Também entram na lista o desrespeito das regras relativas a restrições de acesso dos veículos, a utilização de veículo com excesso de carga, a falta de cedência de passagem a veículos em serviço de emergência ou o desrespeito por corredores de emergência, bem como a fuga do local após acidente ou colisão rodoviária.
Identificação mais rápida e eficaz
Outra das alterações relevantes diz respeito aos mecanismos de identificação dos infratores. Segundo a diretiva, serão clarificados os procedimentos de acesso aos dados de registo dos veículos, permitindo uma resposta mais rápida por parte das autoridades.
Além disso, os Estados-Membros poderão solicitar assistência mútua para garantir que a pessoa visada é identificada e notificada em tempo útil.
Reforço da proteção de dados e direitos dos condutores
A nova legislação inclui também medidas para proteger os direitos dos cidadãos. Estão previstas garantias adicionais para evitar abusos, nomeadamente no papel atribuído a entidades privadas. Até 20 de julho de 2029, os Estados-Membros devem assegurar que as autoridades competentes não conferem poderes a entidades jurídicas privadas ou de gestão privada para realizarem atividades relacionadas com a aplicação da diretiva.
Ao mesmo tempo, reforçam-se os mecanismos de proteção de dados pessoais, assegurando que a informação é utilizada de forma adequada e apenas no contexto das infrações abrangidas.
Conceitos mais claros para evitar dúvidas
A revisão da diretiva introduz ainda novos conceitos e definições para clarificar a aplicação das regras.

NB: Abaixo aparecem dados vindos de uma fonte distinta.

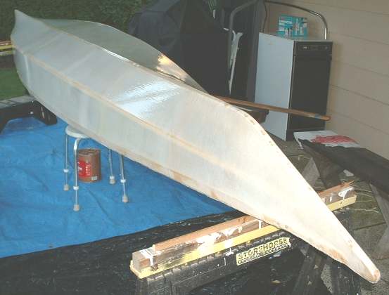 It's been a 4 day push to get the skin on, sewn up, and not painted. After 3 coats of oil based polyurathane, we have a boat. I'll finish the coaming and let the whole thing dry a few days.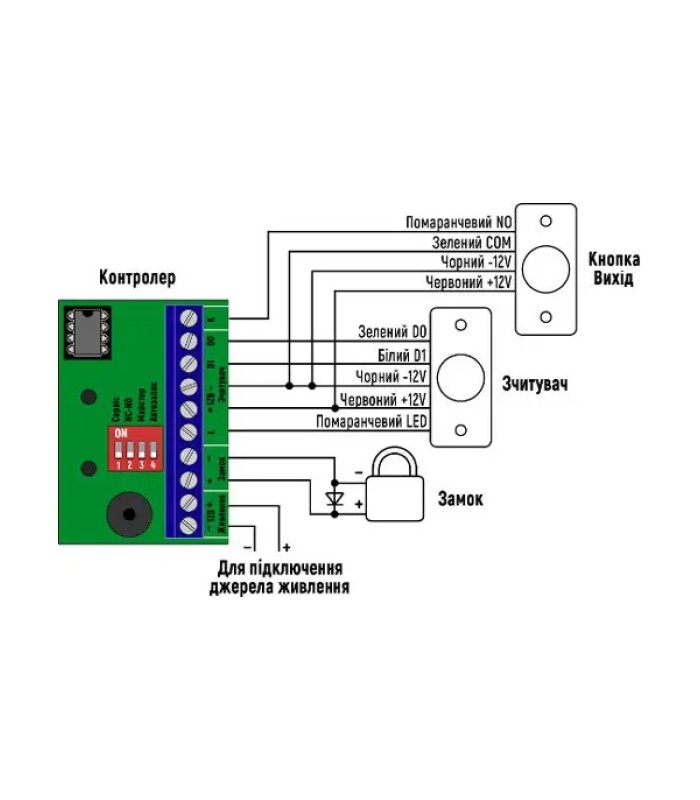 Также, есть возможность подключения кнопки выхода (стоимость выход-2 и пр.) или других устройств для управления замком, например - домофон.

Entre eles está o conceito de “pessoa visada”, que ajuda a definir responsabilidades no processo de infração. Também são especificadas as funções dos pontos de contacto nacionais e das autoridades competentes.
Quando entram em vigor as novas regras
A legislação europeia já foi formalmente aprovada e entrou em vigor no plano da União Europeia em janeiro de 2025. Ainda assim, os Estados-Membros têm até 20 de julho de 2027 para pôr em vigor as disposições legislativas, regulamentares e administrativas necessárias para cumprir a diretiva.
Isto significa que a aplicação prática das novas regras dependerá da adaptação da legislação nacional em cada país, incluindo Portugal.
Parte de um pacote mais amplo para a segurança rodoviária
Esta revisão integra um conjunto mais vasto de medidas apresentadas pela Comissão Europeia em 2023. O pacote incluiu também novas regras relacionadas com cartas de condução e com o reconhecimento de determinadas inibições de conduzir entre países da União Europeia, que entretanto também avançaram no processo legislativo europeu.
Segundo a Comissão Europeia, o objetivo global passa por reduzir a sinistralidade e garantir maior uniformidade na aplicação das regras em toda a União Europeia.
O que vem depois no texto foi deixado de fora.